View Full Version : Wide angle/telephoto lens advice


Jamie Roberts
November 6th, 2008, 05:01 AM
Hi there

I have a much loved FX1e and recently bought a couple of 'budget priced' lenses for it on ebay. The telephoto caused so much distortion as to make it unusable and the wide angle lens vignettes and after zooming in to lose the vignetting, I get a shot thats no wider than if I hadnt used a wide angle lens at all!

I do need to be mindful of how much I spend and am wondering if anyone has an suggestions for lenses that are good value for money and arent going to cost half the value of the camera!!

Has anyone tried out the 'bower' ones?
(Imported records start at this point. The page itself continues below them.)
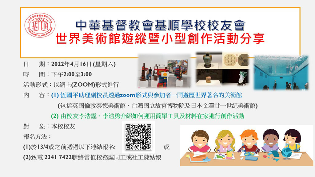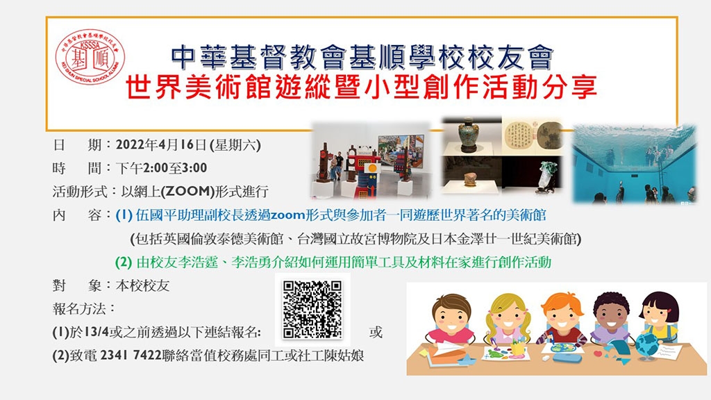 校友會將於4月16日(六)舉辦「世界美術館遊縱暨小型創作活動分享」,大家可以安在家中遊歷世界各大美術館,亦可進行簡單的創作活動
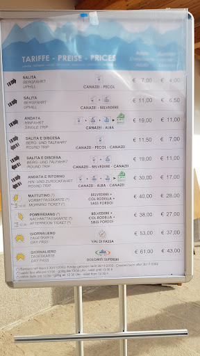 Read moreSono stato in questa stazione della cabinovia con la mia ragazza in occasione di una vacanza in Val di Fassa. Questa costruzione si trova poco fuori dal centro del paese di Canazei All'esterno, dall'altra parte della strada, è presente un ampio parcheggio per i mezzi. Di fronte all'ingresso c'è la fermata degli autobus di linea. La funivia è collegata con la zona Pecol, la prima altura sopra il paese da dove poi si possono prendere altri impianti per raggiungere tutta la zona del Dolomiti Superski. Le cabine sono poco comode se si vuole stare seduti. sono state progettate per ospitare una decina di...
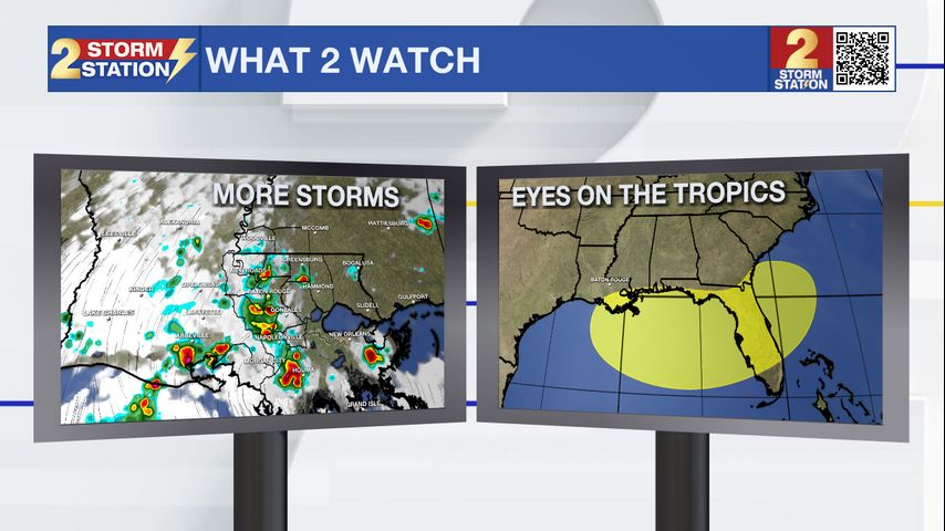 A similar pattern to today will setup Sunday, bringing scattered storms. Looking ahead to the end of the week, a tropical disturbance could create a very wet pattern.

The price is good and think I remember hearing something about them.

or...should I just forget the whole wide angle/telephoto lens idea due to money being an object?

Any advice appreciated

Boyd Ostroff
November 6th, 2008, 02:41 PM
You know the old saying, "you get what you pay for"? :-) This definitely seems to be the case with lenses. You should be able to find a wide adaptor which doesn't vignette for a reasonable price, but it will probably have significant barrel distortion (turning the horizon line into either a "smile" or a "frown" depending on which way you tip the camera).
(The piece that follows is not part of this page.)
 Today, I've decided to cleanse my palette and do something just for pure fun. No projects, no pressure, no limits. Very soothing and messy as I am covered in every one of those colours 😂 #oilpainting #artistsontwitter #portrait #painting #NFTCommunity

Have you seen the following threads?

http://www.dvinfo.net/conf/sony-hvr-z1-hdr-fx1/58525-just-got-century-6x-1-6x-lenses.html
http://www.dvinfo.net/conf/sony-hvr-z1-hdr-fx1/77240-z1-wide-angle-recommendations.html

Wacharapong Chiowanich
November 9th, 2008, 08:31 PM
I suggest you get the Sony 0.8x WA (sorry, can't remember the model) that is made specifically for the FX1/Z1 cameras. The price may be a bit steep compared to some adapters made by unknown makers but the quality is excellent, optically and structurally speaking. Though the added FoV is not much, such is the price you have to pay for an adapter that has virtually no vignetting, minimal distortion and lens aberrations.

You can pay much more to get a wider FoV from certain third-party makers but again there will be downside, aside from costing you more money, in terms of optical aberrations and probably also limited zoom range.

Wacharapong

Jamie Roberts
November 11th, 2008, 03:47 PM
Thanks for that

I will have a look for it and check them out.